THE TASK
Retype every line from the top of the entries down to the one with "Årligt besøger børnebibliotekarerne", both included, and skip the pictures.

RECORDED DATA
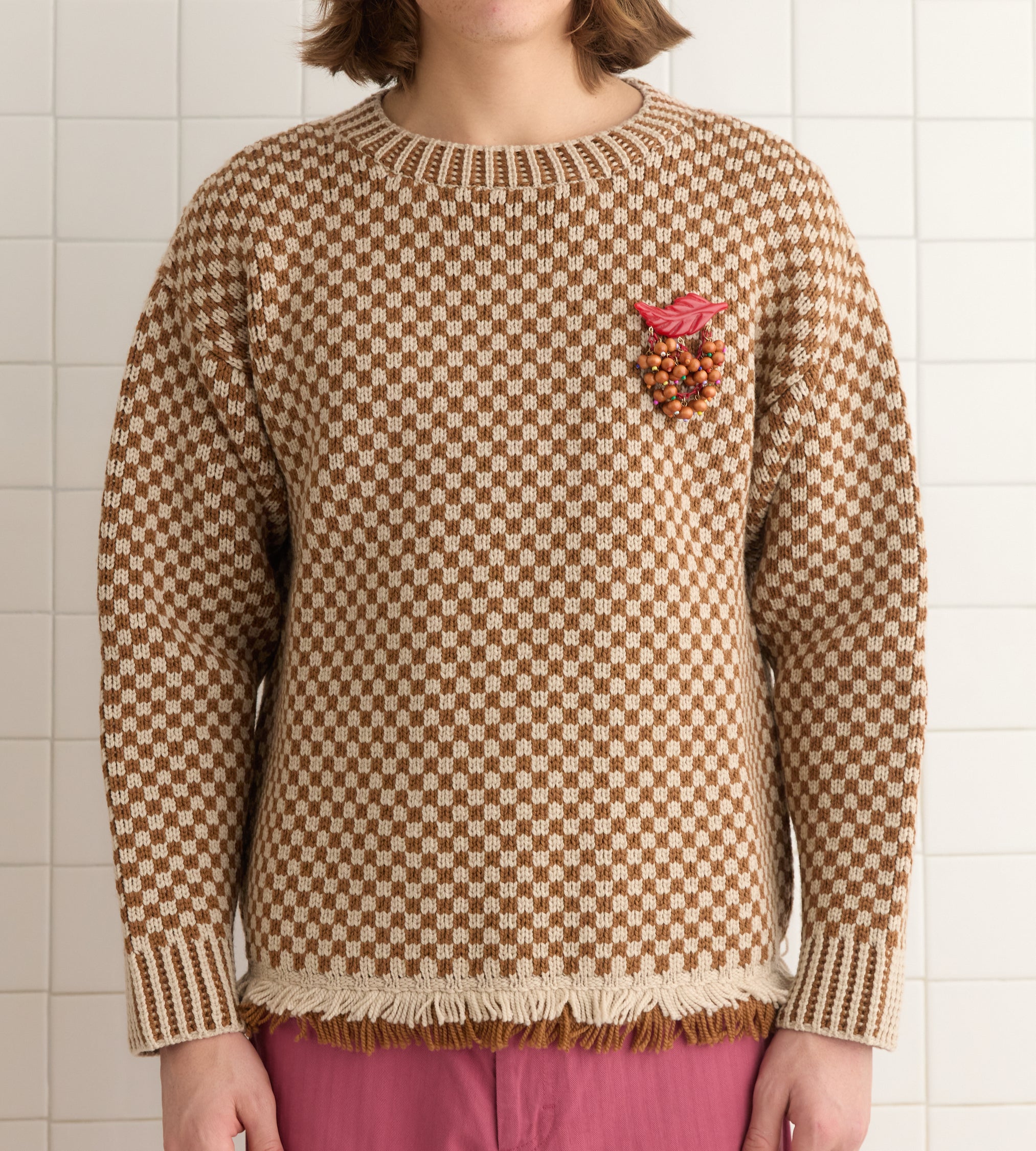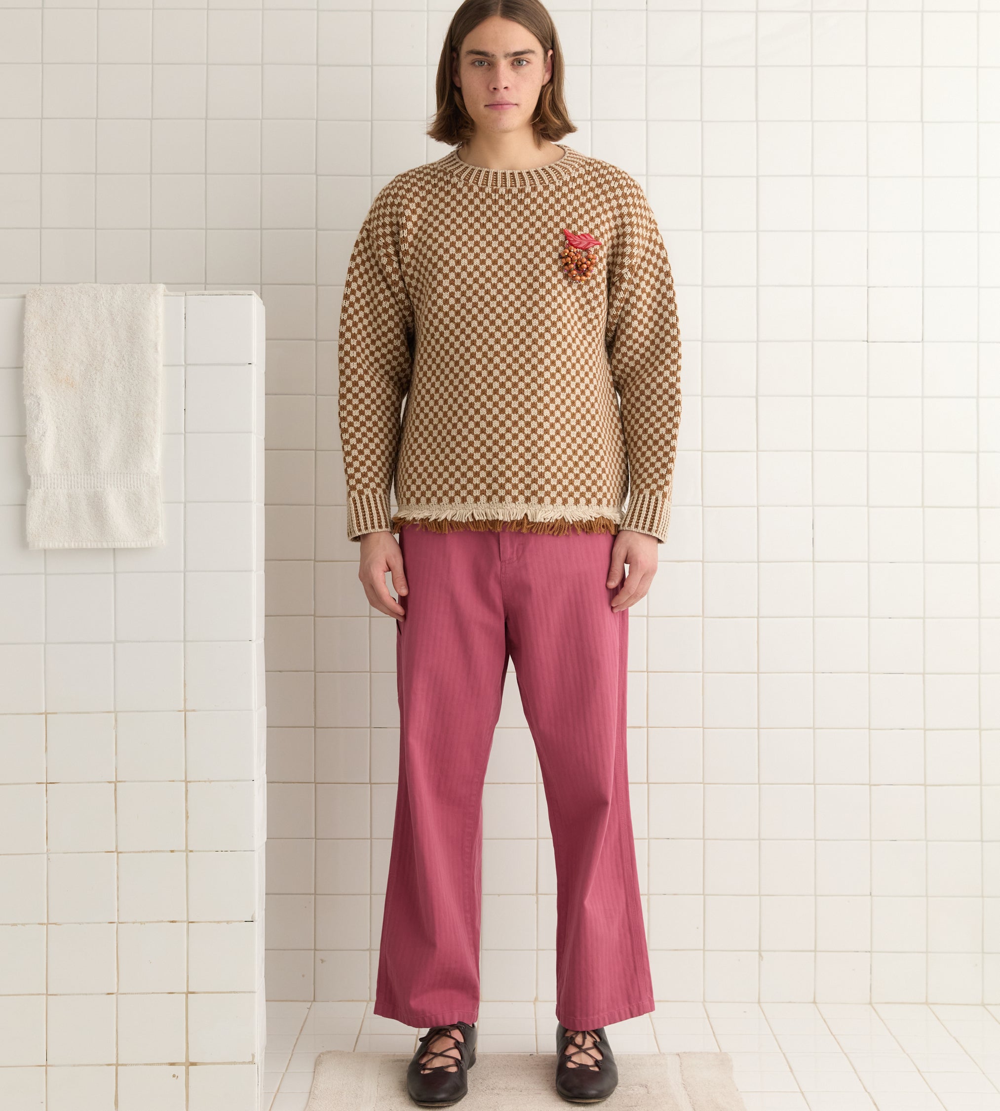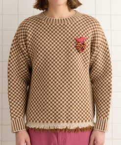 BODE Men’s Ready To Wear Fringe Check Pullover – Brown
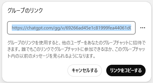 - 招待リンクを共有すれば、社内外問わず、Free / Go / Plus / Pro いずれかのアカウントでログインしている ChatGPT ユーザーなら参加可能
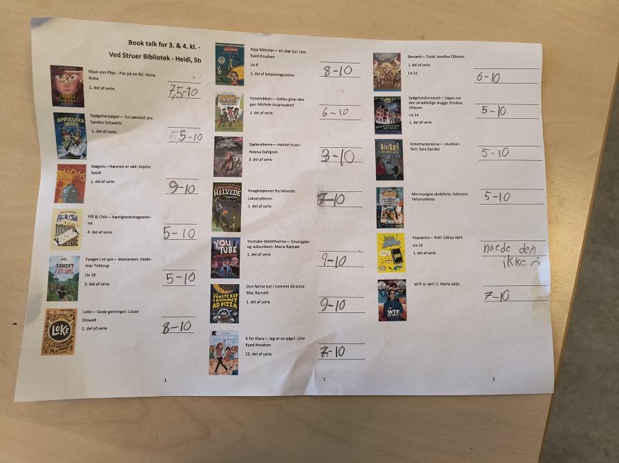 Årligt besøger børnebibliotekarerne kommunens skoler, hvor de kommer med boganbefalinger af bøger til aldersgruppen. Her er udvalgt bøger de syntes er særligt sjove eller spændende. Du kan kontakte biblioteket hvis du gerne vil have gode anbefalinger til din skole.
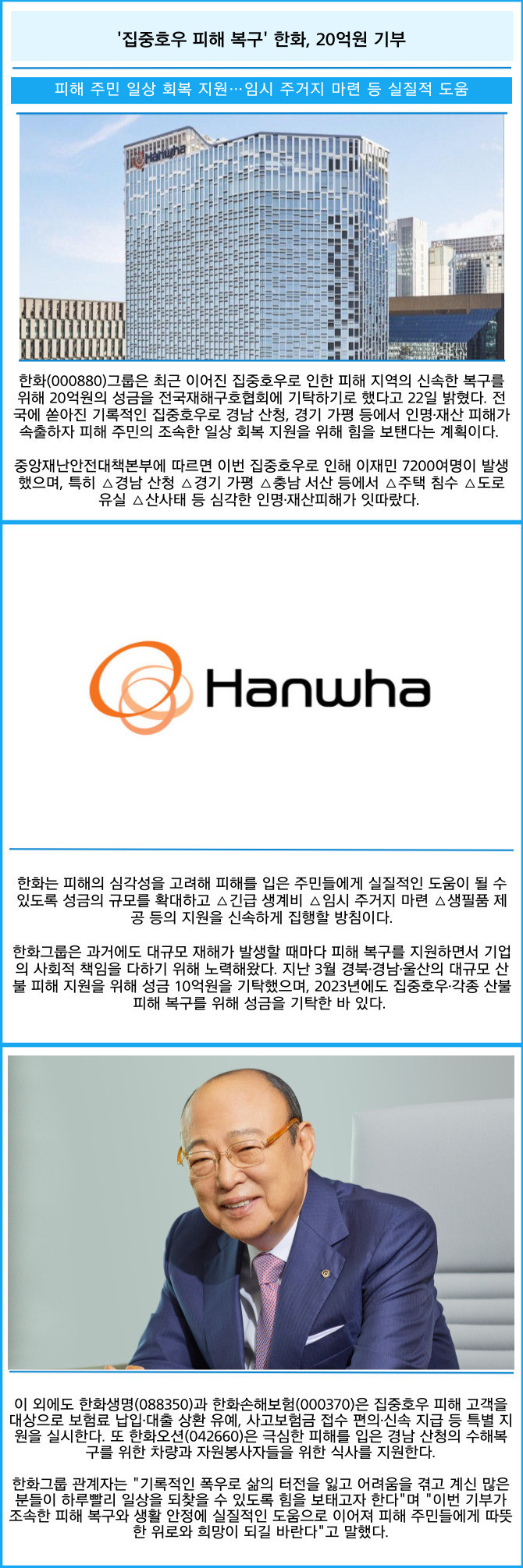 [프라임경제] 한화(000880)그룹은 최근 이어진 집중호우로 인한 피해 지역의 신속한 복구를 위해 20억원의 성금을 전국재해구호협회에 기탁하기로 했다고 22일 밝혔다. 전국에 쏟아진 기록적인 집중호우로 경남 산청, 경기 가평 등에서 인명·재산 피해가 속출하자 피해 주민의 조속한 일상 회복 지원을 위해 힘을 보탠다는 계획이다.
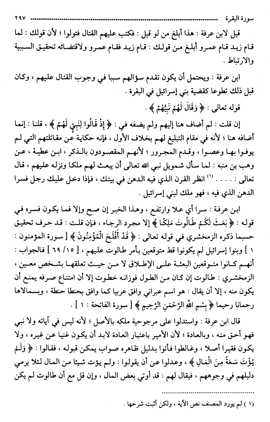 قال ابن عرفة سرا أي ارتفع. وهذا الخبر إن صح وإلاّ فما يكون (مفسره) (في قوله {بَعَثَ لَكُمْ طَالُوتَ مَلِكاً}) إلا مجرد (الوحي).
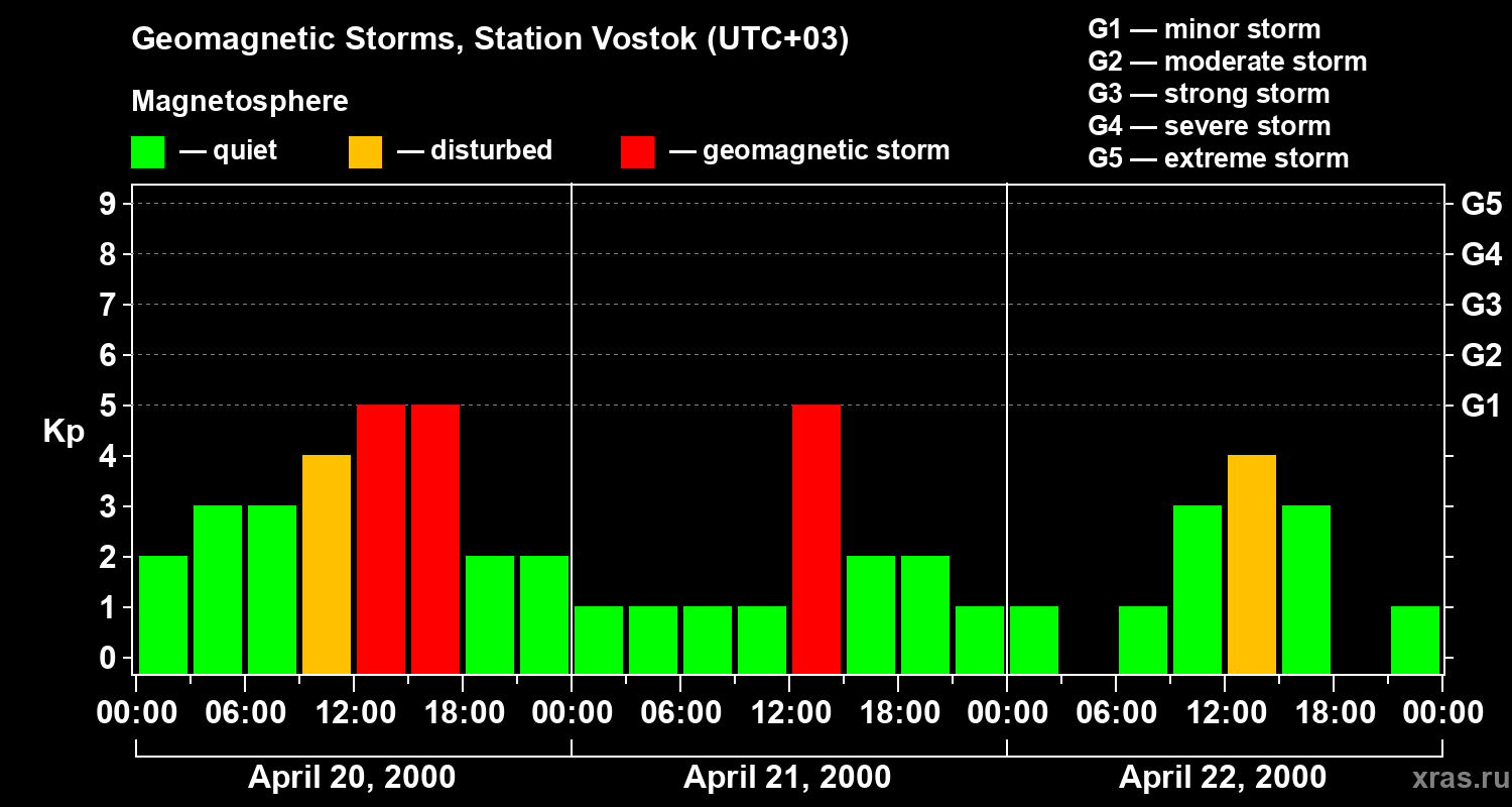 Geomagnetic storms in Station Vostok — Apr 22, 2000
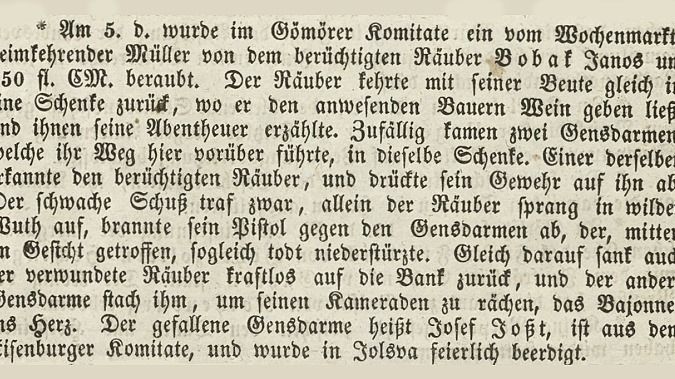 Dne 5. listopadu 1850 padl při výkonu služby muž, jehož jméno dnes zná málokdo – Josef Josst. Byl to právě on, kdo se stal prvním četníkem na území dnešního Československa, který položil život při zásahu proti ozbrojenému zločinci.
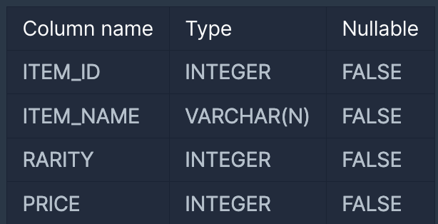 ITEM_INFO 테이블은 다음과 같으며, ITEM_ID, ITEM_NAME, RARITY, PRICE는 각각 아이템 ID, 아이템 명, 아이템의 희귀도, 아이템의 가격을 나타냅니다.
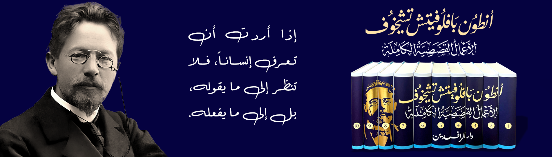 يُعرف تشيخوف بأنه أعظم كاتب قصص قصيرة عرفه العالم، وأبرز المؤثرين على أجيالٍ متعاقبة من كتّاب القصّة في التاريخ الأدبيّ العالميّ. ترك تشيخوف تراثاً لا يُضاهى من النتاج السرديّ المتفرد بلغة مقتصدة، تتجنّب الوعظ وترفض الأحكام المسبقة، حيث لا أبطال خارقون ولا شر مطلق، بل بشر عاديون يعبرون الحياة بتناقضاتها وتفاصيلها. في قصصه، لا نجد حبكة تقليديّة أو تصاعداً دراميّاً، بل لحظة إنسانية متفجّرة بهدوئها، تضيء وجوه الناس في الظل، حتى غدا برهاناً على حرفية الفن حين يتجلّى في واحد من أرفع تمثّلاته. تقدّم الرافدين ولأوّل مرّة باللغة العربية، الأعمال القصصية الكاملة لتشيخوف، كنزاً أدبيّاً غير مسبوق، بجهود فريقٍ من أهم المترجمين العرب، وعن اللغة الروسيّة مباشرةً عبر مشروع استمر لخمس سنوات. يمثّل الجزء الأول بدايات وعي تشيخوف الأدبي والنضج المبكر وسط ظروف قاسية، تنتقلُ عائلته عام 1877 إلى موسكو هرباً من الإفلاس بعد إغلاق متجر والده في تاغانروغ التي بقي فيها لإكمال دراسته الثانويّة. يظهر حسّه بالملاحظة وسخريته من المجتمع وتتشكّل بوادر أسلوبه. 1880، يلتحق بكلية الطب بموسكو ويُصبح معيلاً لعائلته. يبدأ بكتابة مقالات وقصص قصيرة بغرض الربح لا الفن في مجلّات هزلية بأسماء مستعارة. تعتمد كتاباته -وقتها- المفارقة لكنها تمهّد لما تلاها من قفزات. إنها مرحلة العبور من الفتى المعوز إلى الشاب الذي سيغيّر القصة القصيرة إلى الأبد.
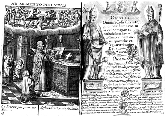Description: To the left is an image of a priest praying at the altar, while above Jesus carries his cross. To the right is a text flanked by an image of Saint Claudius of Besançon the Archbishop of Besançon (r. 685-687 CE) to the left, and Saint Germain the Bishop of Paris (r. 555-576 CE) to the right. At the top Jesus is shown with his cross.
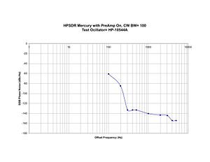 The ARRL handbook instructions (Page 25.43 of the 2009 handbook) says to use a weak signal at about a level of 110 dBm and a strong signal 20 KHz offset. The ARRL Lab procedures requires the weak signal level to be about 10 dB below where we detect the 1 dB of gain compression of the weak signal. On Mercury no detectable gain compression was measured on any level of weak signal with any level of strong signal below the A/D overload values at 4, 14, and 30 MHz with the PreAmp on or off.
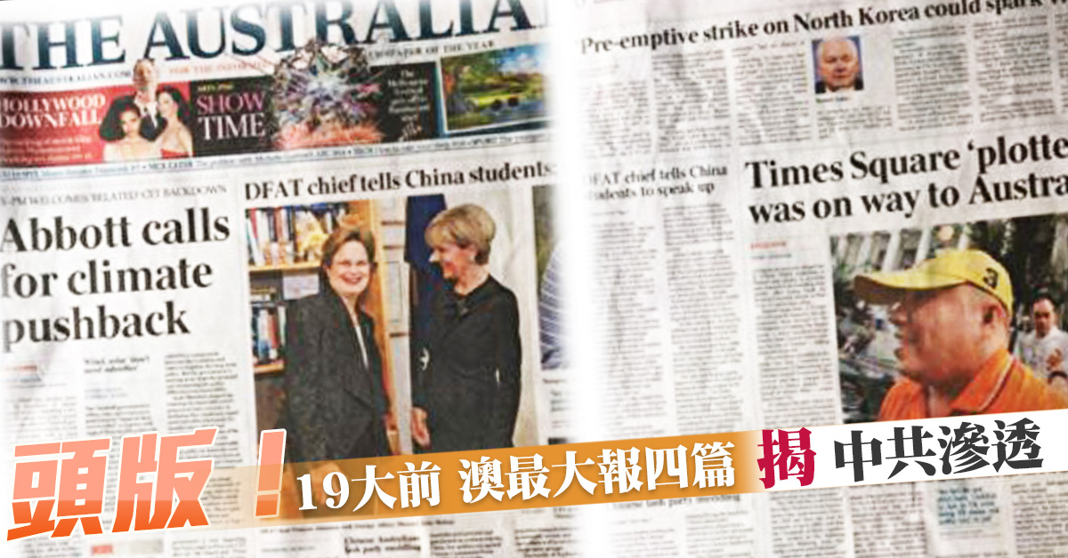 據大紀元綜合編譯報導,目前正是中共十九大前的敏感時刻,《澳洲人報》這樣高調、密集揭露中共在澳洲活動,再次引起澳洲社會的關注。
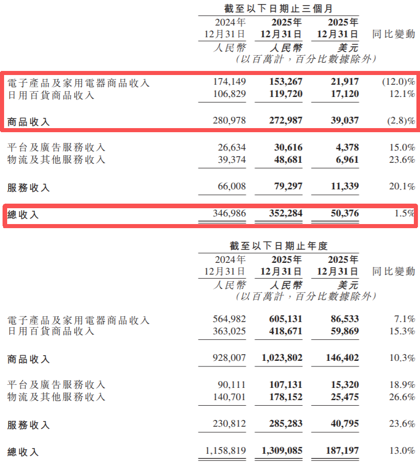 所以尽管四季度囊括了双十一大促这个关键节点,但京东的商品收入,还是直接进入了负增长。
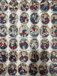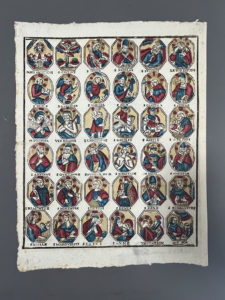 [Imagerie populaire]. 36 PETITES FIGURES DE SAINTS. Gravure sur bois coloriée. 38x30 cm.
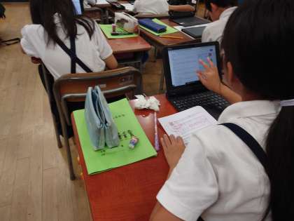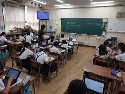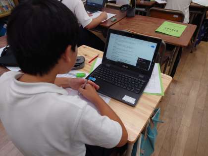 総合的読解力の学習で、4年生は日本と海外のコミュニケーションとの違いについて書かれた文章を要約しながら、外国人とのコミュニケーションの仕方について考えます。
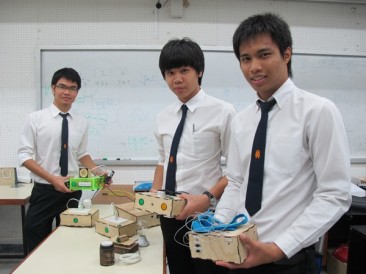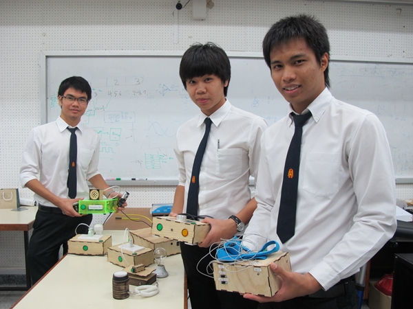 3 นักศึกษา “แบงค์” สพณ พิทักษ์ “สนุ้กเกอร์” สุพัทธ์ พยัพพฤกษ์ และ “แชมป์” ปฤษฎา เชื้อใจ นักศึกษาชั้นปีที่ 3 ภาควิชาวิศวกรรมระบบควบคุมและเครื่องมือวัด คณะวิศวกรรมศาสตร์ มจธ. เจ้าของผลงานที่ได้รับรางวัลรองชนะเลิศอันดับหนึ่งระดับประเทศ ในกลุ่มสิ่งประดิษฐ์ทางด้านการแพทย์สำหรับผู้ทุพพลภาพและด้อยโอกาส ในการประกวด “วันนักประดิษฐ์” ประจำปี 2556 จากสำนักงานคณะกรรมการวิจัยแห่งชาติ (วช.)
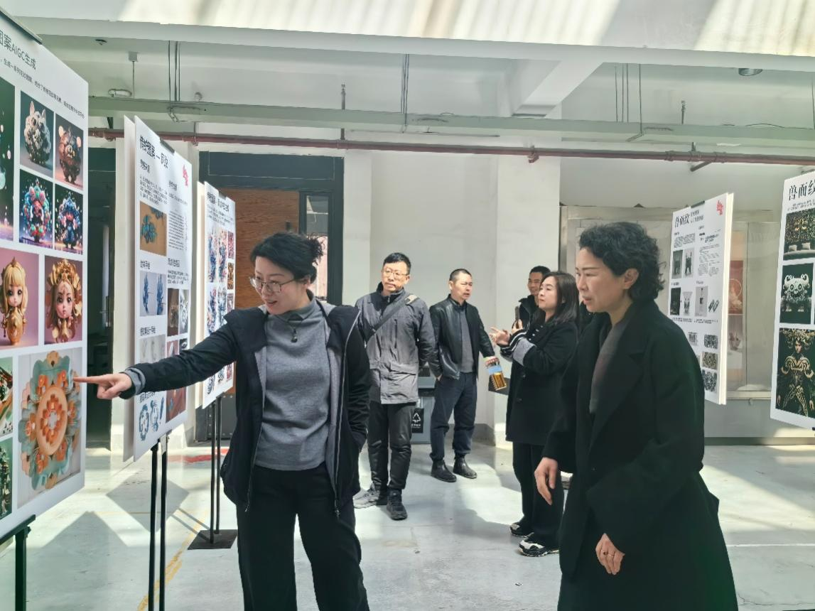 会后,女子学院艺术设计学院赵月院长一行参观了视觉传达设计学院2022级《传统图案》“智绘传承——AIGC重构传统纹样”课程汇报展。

RESPONSE TO THE TASK
 BODE Men’s Ready To Wear Fringe Check Pullover – Brown
 - 招待リンクを共有すれば、社内外問わず、Free / Go / Plus / Pro いずれかのアカウントでログインしている ChatGPT ユーザーなら参加可能
 Årligt besøger børnebibliotekarerne kommunens skoler, hvor de kommer med boganbefalinger af bøger til aldersgruppen. Her er udvalgt bøger de syntes er særligt sjove eller spændende. Du kan kontakte biblioteket hvis du gerne vil have gode anbefalinger til din skole.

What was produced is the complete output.